#### [THE DATA]

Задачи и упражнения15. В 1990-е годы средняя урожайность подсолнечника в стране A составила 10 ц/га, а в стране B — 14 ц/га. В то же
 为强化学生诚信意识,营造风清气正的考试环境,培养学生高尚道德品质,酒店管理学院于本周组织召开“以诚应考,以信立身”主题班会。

---

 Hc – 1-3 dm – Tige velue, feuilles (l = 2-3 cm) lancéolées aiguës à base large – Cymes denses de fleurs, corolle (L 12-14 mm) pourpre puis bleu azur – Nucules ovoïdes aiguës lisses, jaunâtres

#### [TASK ITEM]
Among the entries above, the lines between the ones containing "Задачи и упражнения15." and "为强化学生诚信意识,营造风清", inclusive, are to be transcribed exactly. No other line is to be given.

#### [RESPONSE]
Задачи и упражнения15. В 1990-е годы средняя урожайность подсолнечника в стране A составила 10 ц/га, а в стране B — 14 ц/га. В то же
 为强化学生诚信意识,营造风清气正的考试环境,培养学生高尚道德品质,酒店管理学院于本周组织召开“以诚应考,以信立身”主题班会。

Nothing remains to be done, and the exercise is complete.